Module output alias

Path pimlico.modules.utility.alias
Executable no

Alias a datatype coming from the output of another module.

Used to assign a handy identifier to the output of a module, so that we can just refer to this alias module later in the pipeline and use its default output. This can help make for a more readable pipeline config.

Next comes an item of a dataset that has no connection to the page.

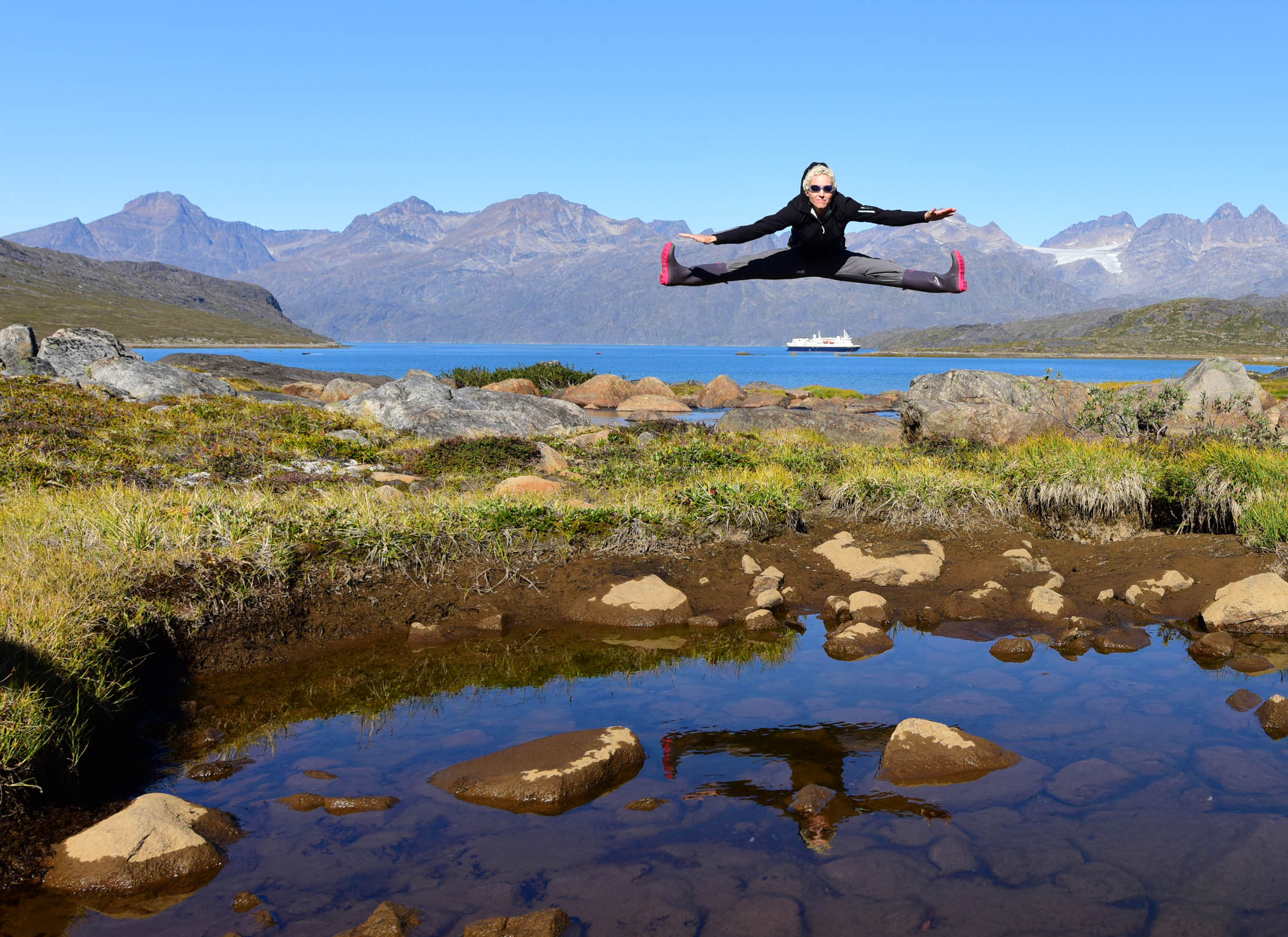 After lunch we all go ashore at a place called Illorssuit, perhaps named for the large, house-sized boulders or for the occasional iceberg that drifts by and catches on a sandbar. It is gorgeous here. The long hikers take off for a glacier whose snout is deemed safe to walk upon by our scouting team. Then there are the medium hikers and photo walkers. Plenty for everyone to do… I go medium, mostly in search of fun plants and plant-like things; the latter would mostly be lichens, fungi that ‘farm’ an algae and/or photosynthetic bacteria. Apparent bare ground between the Sound and the huge boulders, upon closer inspection, is covered with a foam-like material, no, not material, but lichens: pale foam lichen, brittle brown Iceland moss (lichen), yellowish snow lichen and delicate reindeer moss (lichen) with tiny branches that end in grasping fingers… a sight rarely seen outside of the polar and alpine regions.

For example, say we use split to split a dataset into two random subsets. The two splits can be accessed by referring to the two outputs of that module: split_module.set1 and split_module.set2. However, it’s easy to lose track of what these splits are supposed to be used for, so we might want to give them names:

[split_module]
type=pimlico.modules.corpora.split
set1_size=0.2

[test_set]
type=pimlico.modules.utility.alias
input=split_module.set1

[training_set]
type=pimlico.modules.utility.alias
input=split_module.set2

[training_routine]
type=...
input_corpus=training_set

Note the difference between using this module and using the special alias module type. The alias type creates an alias for a whole module, allowing you to refer to all of its outputs, inherit its settings, and anything else you could do with the original module name. This module, however, provides an alias for exactly one output of a module and generates a module instance of its own in the pipeline (albeit a filter module).

Todo

Add test pipeline

This is a filter module. It is not executable, so won’t appear in a pipeline’s list of modules that can be run. It produces its output for the next module on the fly when the next module needs it.

Inputs

Name Type(s)
input base_datatype

Outputs

Name Type(s)
output same as input corpus

Example config

This is an example of how this module can be used in a pipeline config file.

[my_alias_module]
type=pimlico.modules.utility.alias
input_input=module_a.some_output